I’m officially obsessed with this Plum Upside Down Cake! The cake itself is so moist and the plums are so lovely baked in the caramel sauce. This is truly a perfect little cake!


I almost didn’t bake this because I was disappointed in the quality of plums I bought but let me tell you: the plums are positively transformed by the caramel. They were amazing; so soft and sweet!

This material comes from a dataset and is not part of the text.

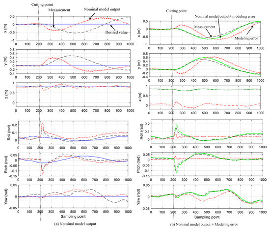 There are 3 plots in each of the figures of Figure 4a which are, respectively, the desired value, the measurements of the quadrotor motion state, and the nominal model outputs. We can see that the nominal model outputs meet the measurements well before the cut occurring, which indicates that the offline-identified model matched the quadrotor well in the hovering state. After the cutting, the nominal model outputs deviate significantly from the corresponding measurements, which means the model can not describe the load change. Therefore, the real measurements of the quadrotor bias the desire values significantly, which means the quadrotor vibrates clearly after the abrupt change of the load.

It’s classic to serve an upside down cake warm with ice cream but I also ate it cold from the fridge (refrigerate any leftovers) and it was absolutely amazing.
I hope you love this gorgeous cake as much as I do!


Plum Upside Down Cake
7-8 fresh plums
1 1/2 cups granulated sugar (divided use)
1 stick unsalted butter, at room temperature
3 large eggs, at room temperature
1 tsp vanilla extract
3/4 tsp baking powder
1/2 tsp salt
1 cup flour
Serving suggestion: vanilla ice cream or whipped cream
- Preheat oven to 350 degrees. Thoroughly grease the bottom and sides of an 8″ cake pan. Optional but recommended: line the bottom of the pan with parchment paper and grease the parchment paper.
- Quarter plums and arrange in a swirl pattern in the bottom of prepared pan.
- In a small sauce pan, cook 1/2 cup of sugar with 3 Tbsp water over medium-high heat until the sugar turns an amber color. Immediately pour caramel over plums.
- In a medium bowl, beat butter with 1 cup of sugar until combined, then beat in eggs one at at time. Add vanilla, then sprinkle flour, baking powder, and salt and mix just until combined.
- Spread cake batter evenly over plums, then bake in preheated oven for 30-35 minutes. Let cool for twenty minutes, then run a knife around the edges and flip onto serving platter. Serve warm with ice cream or whipped cream.